**WHAT YOU ARE ASKED TO DO**
Could all of the entries be written out exactly, with any pictures omitted?

[Collection entries]
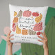 A cute pillow with pumpkins and the phrase "Thankful Grateful Blessed" - personalized with a family name and established date.
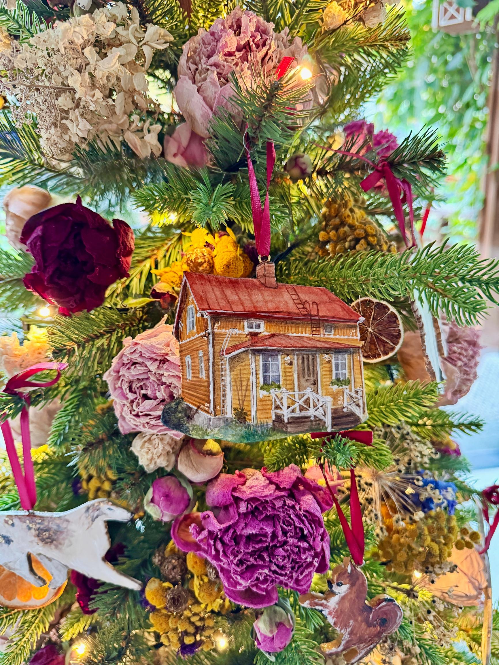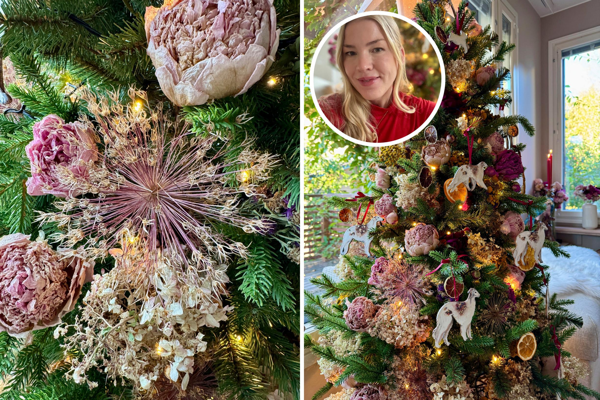 Riikka Huttunen rakastaa joulua niin paljon, että aloittaa valmistelut jo elokuussa. Tänä vuonna hän keksi idean pikkujoulukuusesta, jotta pääsee nauttimaan joulukuusen tuomasta taiasta jo syksyllä. Oksille hän ripusti kesän kukkasadon ja itse tehdyt koristeet.
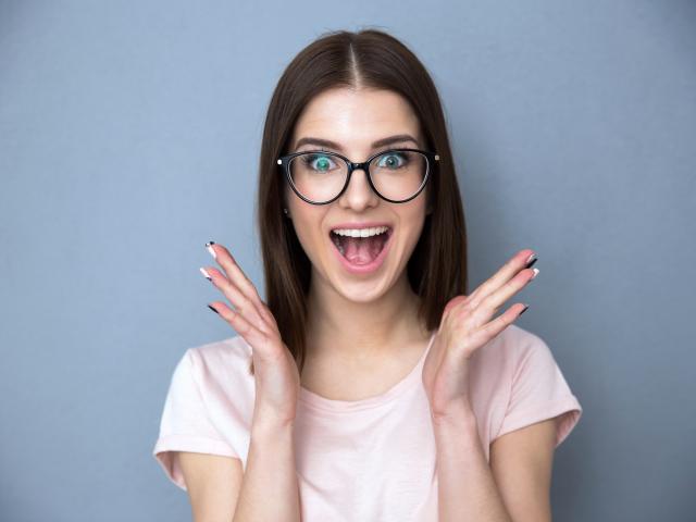 Обои Радостная девушка в очках на сером фоне
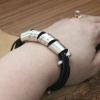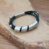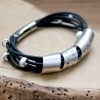 This handcrafted, hand stamped spinning statement bracelet of sterling silver and leather is personalized with a longer secret message of choice. 7 layers of fine leather cord are threaded with 6 silver beads and your double wide spinning message, then finished with a substantial stainless steel locking closure that is easy to use one handed and is as comfortable to wear as it is stunning to look at.
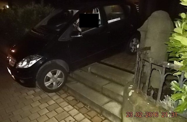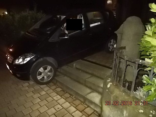 *, den 23.202.2016, 20.10 Uhr* Ein 58- jähriger ortsunkundiger PKW- Fahrer wollte den Parkplatz der Josefs Kirche in der Gilgenstraße verlassen und ging irrigerweise davon aus, dass es sich bei der dreistufigen Treppe um eine Rampe handele. Der Mann setzte seinen PKW auf und musst durch einen Abschleppdienst befreit werden. Es war ein Schaden von ca. 1700 Euro entstanden.
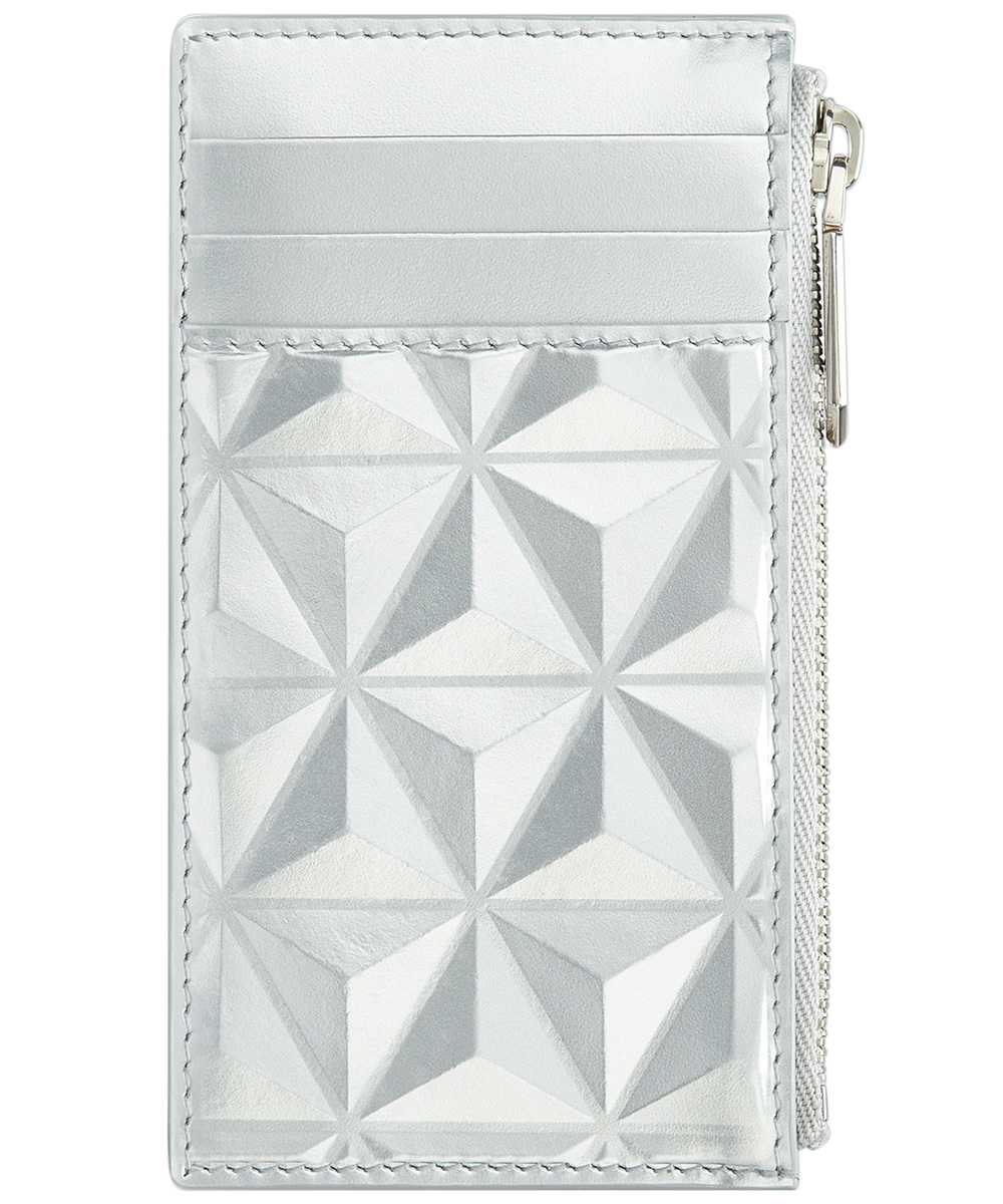 こちらは横型のフラグメントケース。まさに今の時代の財布といったらコレ。クレジットカードと小銭、数枚の紙幣を折りたたんで入れられるタイプ。このブランドのアイコンでもある、ライターに使われていたファイヤーヘッド柄がポイント。ジッパーの引き手の形もこのブランドならではのスタイルで、ここにブランドロゴが刻印されている。
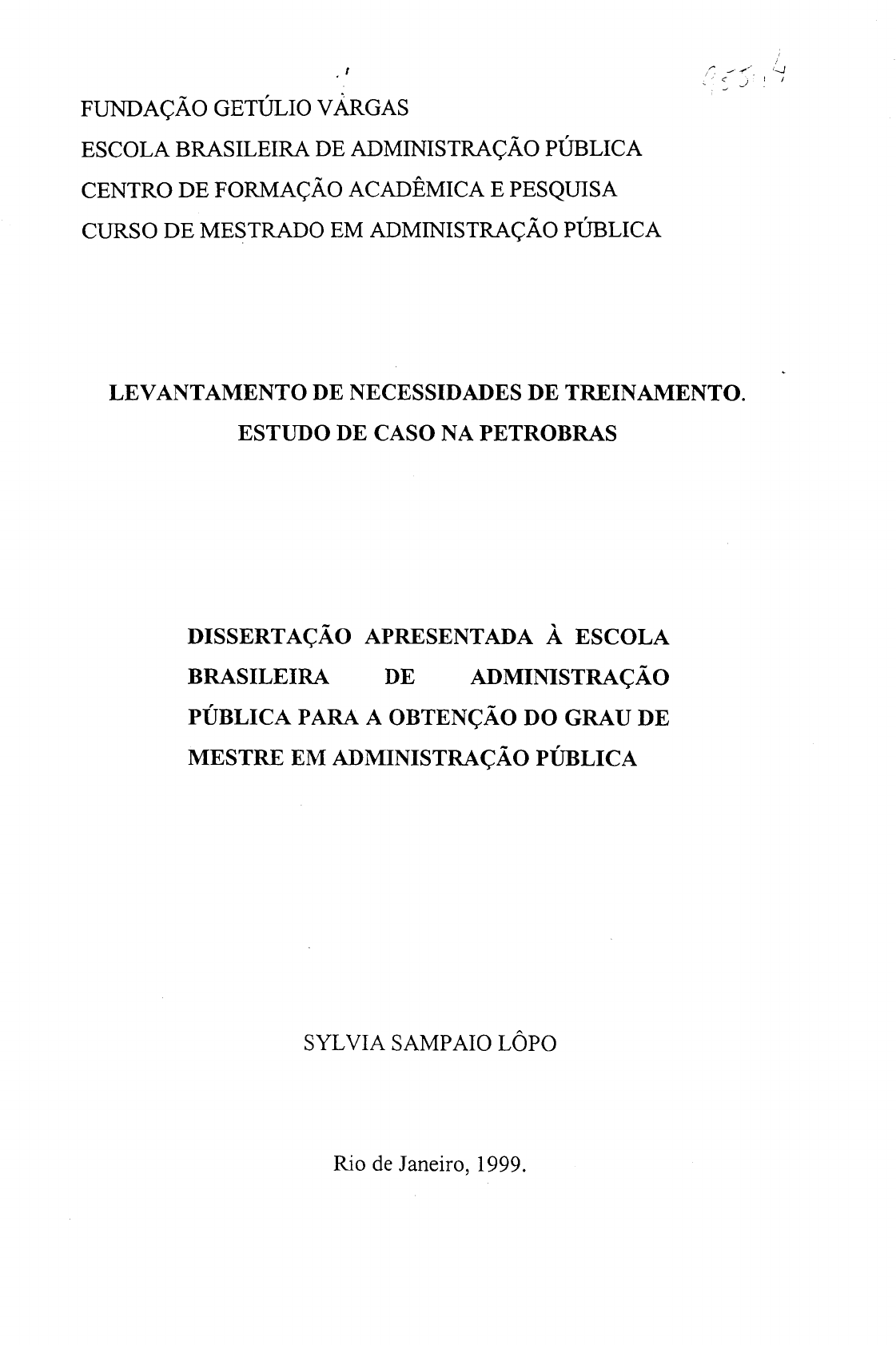 FUNDAÇÃO GETÚLIO V ÀRGAS ESCOLA BRASILEIRA DE ADMINISTRAÇÃO PÚBLICA CENTRO DE FORMAÇÃO ACADÊMICA E PESQUISA CURSO DE MESTRADO EM ADMINISTRAÇÃO PÚBLICA ! r _ . ..."./ 1---1 '~ J' t J LEVANTAMENTO DE NECESSIDADES DE TREINAMENTO. ESTUDO DE CASO NA PETROBRAS DISSERTAÇÃO APRESENTADA À ESCOLA BRASILEIRA DE ADMINISTRAÇÃO PÚBLICA PARA A OBTENÇÃO DO GRAU DE MESTRE EM ADMINISTRAÇÃO PÚBLICA SYL VIA SAMPAIO LÔPO Rio de Janeiro, 1999. FUNDAÇÃO GETÚLIO VARGAS ESCOLA BRASILEIRA DE ADMINISTRAÇÃO PÚBLICA CENTRO DE FORMAÇÃO ACADÊMICA E PESQUISA CURSO DE MESTRADO EM ADMINISTRAÇÃO PÚBLICA LEVANTAMENTO DE NECESSIDADES DE TREINAMENTO. ESTUDO DE CASO NA PETROBRAS DISSERTAÇÃO DE MESTRADO APRESENTADA POR SYL VIA SAMPAIO LÔPO E APROVADA EM 02/07/1999 PELA COMISSÃO EXAMINADORA /"- J,a t ~ 'a d< ~;2,"~ o V ALÉ~A DE SOUZA - MESTRE EM ADMINISTRAÇÃO J~~t~ F Á TIMA BA ~ DE OLIVEIRA - DOUTORA EM EDUCAÇÃO fJ~il PAULO ROBERTO MOTTA - DOUTOR EM ADMINISTRAÇÃO PÚBLICA ii li' "Aprender significa modificar a conduta e não, simplesmente, acumular conhecimentos." Tomás de Vilanova Monteiro Lopes "O treinamento de hoje é o caminho do sucesso de amanhã." Alexandre Randol1 "As organizações inteligentes só aprendem através de indivíduos que aprendem. O aprendizado individual não garante o aprendizado organizacional, mas sem ele não há como ocorrer o aprendizado organizacional." Peter Senge - "A quinta disciplina. ,. - 1990 iv DEDICATÓRIA Aos meus queridos pais, por todo amor, dedicação, compreensão, sabedoria, exemplo e apoio que sempre, incondicionalmente, me ofereceram e sem os quais não teria vencido mais este desafio na minha vida. v AGRADECIMENTOS • À Petrobras, por ter permitido e criado condições para a realização do mestrado, particularmente ao Superintendente de Recursos Humanos, José Lima de Andrade Neto, por ter acreditado no meu potencial; • À minha orientadora Prof Valéria de Souza, pelos ensinamentos, compreensão e carinho que sempre me ofereceu; • Aos professores Paulo Roberto Motta e Fátima Bayma de Oliveira, por terem aceitado fazer parte de minha banca; .• Aos Gerentes do E&P, pela atenção e interesse demonstrados durante as entrevistas que gentilmente me concederam; • Aos colegas do SETEP, Gabriel, Marchi, Ricardo, Vaneir e, especialmente a Eurico, que sempre me encorajaram e me deram condições de concluir este trabalho; • Aos amigos Denize e Irapuan, que sempre disponíveis e solicitos, contribuíram decisivamente para a elaboração deste trabalho, desde a formulação do conteúdo, até o "carregar do piano", sem esquecer o constante apoio moral e logístico; • Ao meu filho Gustavo que serviu de incentivo para a realização deste trabalho. vi SINOPSE É indiscutível a importância do treinamento para que as organizações alcancem os seus objetivos empresariais e prosperem. Entretanto, para que o treinamento efetivamente impacte os resultados organizacionais é essencial, entre outros, um criterioso e abrangente levantamento de necessidades de treinamento. Partindo de uma abordagem teórica sobre Políticas Públicas, Políticas de RH e a sub função Desenvolvimento de RH, integrada às demais funções, com foco nas diversas concepções e modelos de levantamento de necessidades de treinamento e suas interrelações com os demais componentes do sistema, esta dissertação estuda o processo de levantamento de necessidades de treinamento na Petrobras e propõe sugestões visando aumentar a sua efetividade, contribuindo, conseqüentemente, para a maximização dos resultados organizacionais. vii ABSTRACT It's indisputable the training importance in order that the organizations attain their business goals, grow and get success. However, in order that the training effectively contributes to the business results, it' s essential, among others, a careful and complete Training Necessity Identification. From one theoretical approach about Public Policies, Human Resources Policies and Human Resources Development subfunction, integrated into the others functions, focus in several conceptions and Training Necessity Identification models and their relations with the others system parts, this thesis studies the Training Necessity Identification process in Petrobras and makes suggestions to improve its effectiveness, contributing, consequently, to get better organizational results. viii suMÁRIo Capítulo Página I. IN"TRODUÇÃO ........................................................................................................ 1 1.1. Apresentação ....................................................................................................... 1 1.2. Metodologia ........................................................................................................ 3 I. 3. Perfil da Petrobras ............................................................................................... 5 ll. POLÍTICAS PÚBLICAS: uma fundamentação teórica •...................................... 9 1I.1. Definição ........................................................................................................... 9 II.2. Fases do processo de políticas públicas ............................................................. 11 1I.3. Análise de políticas públicas .............................................................................. 14 liA. Uma tipologia de políticas ............................................................................... 19 ID. POLÍTICAS DE RECURSOS HUMANOS ....................................................... 21 1I1.1. Introdução .................................................................................................... 21 III.2. Premissas e tendências ................................................................................... 22 III.3. Sistemas de Administração de Recursos Humanos ......................................... 24 Ill.4. Conteúdo das Políticas ..
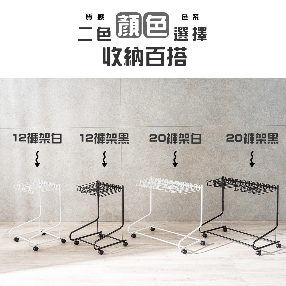 【拜爾家居】Pro+褲子收納架 20支吊掛架 黑色 台灣製造 收納褲架 褲架 可移動收納
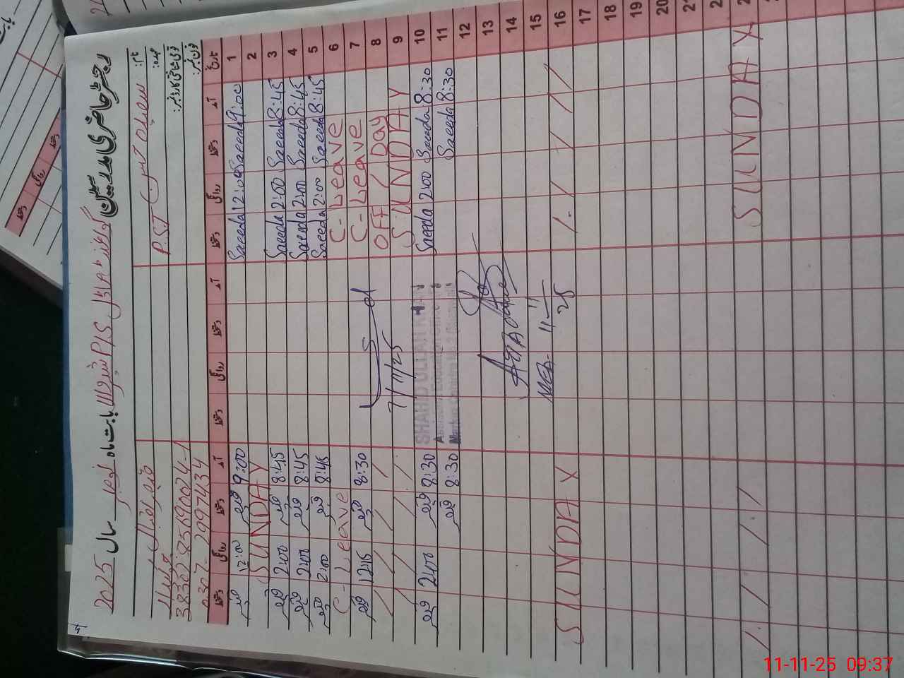 | CNIC | Full Name | Designation | R/C | Absence During Last Calender Month |
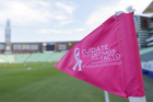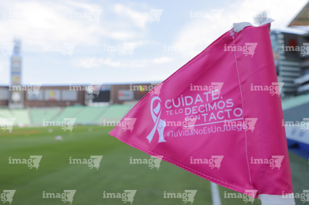 Torreón, Coahuila, 6 de octubre de 2025. Banderin de tiro de esquina de la Campaña Rosa para la concientización del Cáncer de Mama, durante el partido correspondiente a la jornada 14 del torneo Apertura 2025 de la Liga BBVA MX Femenil, entre las Guerreras de Santos Laguna y las Bravas de FC Juárez, realizado en el estadio Corona. Foto: Imago7/ Saul Perales

**EXERCISE ANSWER**
 A cute pillow with pumpkins and the phrase "Thankful Grateful Blessed" - personalized with a family name and established date.
 Riikka Huttunen rakastaa joulua niin paljon, että aloittaa valmistelut jo elokuussa. Tänä vuonna hän keksi idean pikkujoulukuusesta, jotta pääsee nauttimaan joulukuusen tuomasta taiasta jo syksyllä. Oksille hän ripusti kesän kukkasadon ja itse tehdyt koristeet.
 Обои Радостная девушка в очках на сером фоне
 This handcrafted, hand stamped spinning statement bracelet of sterling silver and leather is personalized with a longer secret message of choice. 7 layers of fine leather cord are threaded with 6 silver beads and your double wide spinning message, then finished with a substantial stainless steel locking closure that is easy to use one handed and is as comfortable to wear as it is stunning to look at.
 *, den 23.202.2016, 20.10 Uhr* Ein 58- jähriger ortsunkundiger PKW- Fahrer wollte den Parkplatz der Josefs Kirche in der Gilgenstraße verlassen und ging irrigerweise davon aus, dass es sich bei der dreistufigen Treppe um eine Rampe handele. Der Mann setzte seinen PKW auf und musst durch einen Abschleppdienst befreit werden. Es war ein Schaden von ca. 1700 Euro entstanden.
 こちらは横型のフラグメントケース。まさに今の時代の財布といったらコレ。クレジットカードと小銭、数枚の紙幣を折りたたんで入れられるタイプ。このブランドのアイコンでもある、ライターに使われていたファイヤーヘッド柄がポイント。ジッパーの引き手の形もこのブランドならではのスタイルで、ここにブランドロゴが刻印されている。
 FUNDAÇÃO GETÚLIO V ÀRGAS ESCOLA BRASILEIRA DE ADMINISTRAÇÃO PÚBLICA CENTRO DE FORMAÇÃO ACADÊMICA E PESQUISA CURSO DE MESTRADO EM ADMINISTRAÇÃO PÚBLICA ! r _ . ..."./ 1---1 '~ J' t J LEVANTAMENTO DE NECESSIDADES DE TREINAMENTO. ESTUDO DE CASO NA PETROBRAS DISSERTAÇÃO APRESENTADA À ESCOLA BRASILEIRA DE ADMINISTRAÇÃO PÚBLICA PARA A OBTENÇÃO DO GRAU DE MESTRE EM ADMINISTRAÇÃO PÚBLICA SYL VIA SAMPAIO LÔPO Rio de Janeiro, 1999. FUNDAÇÃO GETÚLIO VARGAS ESCOLA BRASILEIRA DE ADMINISTRAÇÃO PÚBLICA CENTRO DE FORMAÇÃO ACADÊMICA E PESQUISA CURSO DE MESTRADO EM ADMINISTRAÇÃO PÚBLICA LEVANTAMENTO DE NECESSIDADES DE TREINAMENTO. ESTUDO DE CASO NA PETROBRAS DISSERTAÇÃO DE MESTRADO APRESENTADA POR SYL VIA SAMPAIO LÔPO E APROVADA EM 02/07/1999 PELA COMISSÃO EXAMINADORA /"- J,a t ~ 'a d< ~;2,"~ o V ALÉ~A DE SOUZA - MESTRE EM ADMINISTRAÇÃO J~~t~ F Á TIMA BA ~ DE OLIVEIRA - DOUTORA EM EDUCAÇÃO fJ~il PAULO ROBERTO MOTTA - DOUTOR EM ADMINISTRAÇÃO PÚBLICA ii li' "Aprender significa modificar a conduta e não, simplesmente, acumular conhecimentos." Tomás de Vilanova Monteiro Lopes "O treinamento de hoje é o caminho do sucesso de amanhã." Alexandre Randol1 "As organizações inteligentes só aprendem através de indivíduos que aprendem. O aprendizado individual não garante o aprendizado organizacional, mas sem ele não há como ocorrer o aprendizado organizacional." Peter Senge - "A quinta disciplina. ,. - 1990 iv DEDICATÓRIA Aos meus queridos pais, por todo amor, dedicação, compreensão, sabedoria, exemplo e apoio que sempre, incondicionalmente, me ofereceram e sem os quais não teria vencido mais este desafio na minha vida. v AGRADECIMENTOS • À Petrobras, por ter permitido e criado condições para a realização do mestrado, particularmente ao Superintendente de Recursos Humanos, José Lima de Andrade Neto, por ter acreditado no meu potencial; • À minha orientadora Prof Valéria de Souza, pelos ensinamentos, compreensão e carinho que sempre me ofereceu; • Aos professores Paulo Roberto Motta e Fátima Bayma de Oliveira, por terem aceitado fazer parte de minha banca; .• Aos Gerentes do E&P, pela atenção e interesse demonstrados durante as entrevistas que gentilmente me concederam; • Aos colegas do SETEP, Gabriel, Marchi, Ricardo, Vaneir e, especialmente a Eurico, que sempre me encorajaram e me deram condições de concluir este trabalho; • Aos amigos Denize e Irapuan, que sempre disponíveis e solicitos, contribuíram decisivamente para a elaboração deste trabalho, desde a formulação do conteúdo, até o "carregar do piano", sem esquecer o constante apoio moral e logístico; • Ao meu filho Gustavo que serviu de incentivo para a realização deste trabalho. vi SINOPSE É indiscutível a importância do treinamento para que as organizações alcancem os seus objetivos empresariais e prosperem. Entretanto, para que o treinamento efetivamente impacte os resultados organizacionais é essencial, entre outros, um criterioso e abrangente levantamento de necessidades de treinamento. Partindo de uma abordagem teórica sobre Políticas Públicas, Políticas de RH e a sub função Desenvolvimento de RH, integrada às demais funções, com foco nas diversas concepções e modelos de levantamento de necessidades de treinamento e suas interrelações com os demais componentes do sistema, esta dissertação estuda o processo de levantamento de necessidades de treinamento na Petrobras e propõe sugestões visando aumentar a sua efetividade, contribuindo, conseqüentemente, para a maximização dos resultados organizacionais. vii ABSTRACT It's indisputable the training importance in order that the organizations attain their business goals, grow and get success. However, in order that the training effectively contributes to the business results, it' s essential, among others, a careful and complete Training Necessity Identification. From one theoretical approach about Public Policies, Human Resources Policies and Human Resources Development subfunction, integrated into the others functions, focus in several conceptions and Training Necessity Identification models and their relations with the others system parts, this thesis studies the Training Necessity Identification process in Petrobras and makes suggestions to improve its effectiveness, contributing, consequently, to get better organizational results. viii suMÁRIo Capítulo Página I. IN"TRODUÇÃO ........................................................................................................ 1 1.1. Apresentação ....................................................................................................... 1 1.2. Metodologia ........................................................................................................ 3 I. 3. Perfil da Petrobras ............................................................................................... 5 ll. POLÍTICAS PÚBLICAS: uma fundamentação teórica •...................................... 9 1I.1. Definição ........................................................................................................... 9 II.2. Fases do processo de políticas públicas ............................................................. 11 1I.3. Análise de políticas públicas .............................................................................. 14 liA. Uma tipologia de políticas ............................................................................... 19 ID. POLÍTICAS DE RECURSOS HUMANOS ....................................................... 21 1I1.1. Introdução .................................................................................................... 21 III.2. Premissas e tendências ................................................................................... 22 III.3. Sistemas de Administração de Recursos Humanos ......................................... 24 Ill.4. Conteúdo das Políticas ..
 【拜爾家居】Pro+褲子收納架 20支吊掛架 黑色 台灣製造 收納褲架 褲架 可移動收納
 | CNIC | Full Name | Designation | R/C | Absence During Last Calender Month |
 Torreón, Coahuila, 6 de octubre de 2025. Banderin de tiro de esquina de la Campaña Rosa para la concientización del Cáncer de Mama, durante el partido correspondiente a la jornada 14 del torneo Apertura 2025 de la Liga BBVA MX Femenil, entre las Guerreras de Santos Laguna y las Bravas de FC Juárez, realizado en el estadio Corona. Foto: Imago7/ Saul Perales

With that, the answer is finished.